Return, word for word, only the lines of the data below that lie between the line with "同デザインのrompers +pants setや" and the line with "高牆上貼著一張標語:We Can Do It", those two lines included.
╭─ Extracted entries
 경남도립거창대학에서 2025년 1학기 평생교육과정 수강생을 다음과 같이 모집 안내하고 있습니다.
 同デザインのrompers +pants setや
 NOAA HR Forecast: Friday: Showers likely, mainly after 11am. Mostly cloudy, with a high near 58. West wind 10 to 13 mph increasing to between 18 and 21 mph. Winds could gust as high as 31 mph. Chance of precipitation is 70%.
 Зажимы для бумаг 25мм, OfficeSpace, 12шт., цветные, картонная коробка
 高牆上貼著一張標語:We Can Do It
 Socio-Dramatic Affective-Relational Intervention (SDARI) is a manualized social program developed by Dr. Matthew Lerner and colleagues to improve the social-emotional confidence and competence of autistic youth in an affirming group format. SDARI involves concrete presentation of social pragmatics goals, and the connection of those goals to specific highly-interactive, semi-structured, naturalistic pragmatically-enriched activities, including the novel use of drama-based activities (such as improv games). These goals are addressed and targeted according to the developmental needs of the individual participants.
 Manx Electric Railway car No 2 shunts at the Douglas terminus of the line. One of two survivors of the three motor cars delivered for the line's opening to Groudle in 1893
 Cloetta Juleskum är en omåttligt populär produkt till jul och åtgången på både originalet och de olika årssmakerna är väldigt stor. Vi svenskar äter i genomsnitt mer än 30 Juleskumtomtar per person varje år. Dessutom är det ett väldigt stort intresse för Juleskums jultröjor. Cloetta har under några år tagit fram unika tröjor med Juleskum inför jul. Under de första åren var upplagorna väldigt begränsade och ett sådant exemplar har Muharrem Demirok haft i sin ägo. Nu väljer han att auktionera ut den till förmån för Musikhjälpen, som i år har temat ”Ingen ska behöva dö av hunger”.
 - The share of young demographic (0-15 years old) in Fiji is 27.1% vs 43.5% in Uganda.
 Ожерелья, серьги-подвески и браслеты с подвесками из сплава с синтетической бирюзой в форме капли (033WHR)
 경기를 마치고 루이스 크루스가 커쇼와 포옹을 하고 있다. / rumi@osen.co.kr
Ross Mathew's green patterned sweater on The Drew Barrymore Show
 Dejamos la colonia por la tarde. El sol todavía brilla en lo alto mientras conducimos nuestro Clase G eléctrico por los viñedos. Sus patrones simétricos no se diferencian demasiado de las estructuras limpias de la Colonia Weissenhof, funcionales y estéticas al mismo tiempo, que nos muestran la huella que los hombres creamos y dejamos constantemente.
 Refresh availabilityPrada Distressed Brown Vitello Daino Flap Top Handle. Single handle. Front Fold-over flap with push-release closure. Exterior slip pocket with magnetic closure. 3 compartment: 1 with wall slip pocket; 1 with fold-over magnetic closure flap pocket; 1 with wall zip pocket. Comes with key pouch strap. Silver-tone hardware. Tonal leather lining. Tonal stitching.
╰─
◆ **Task response**:
 同デザインのrompers +pants setや
 NOAA HR Forecast: Friday: Showers likely, mainly after 11am. Mostly cloudy, with a high near 58. West wind 10 to 13 mph increasing to between 18 and 21 mph. Winds could gust as high as 31 mph. Chance of precipitation is 70%.
 Зажимы для бумаг 25мм, OfficeSpace, 12шт., цветные, картонная коробка
 高牆上貼著一張標語:We Can Do It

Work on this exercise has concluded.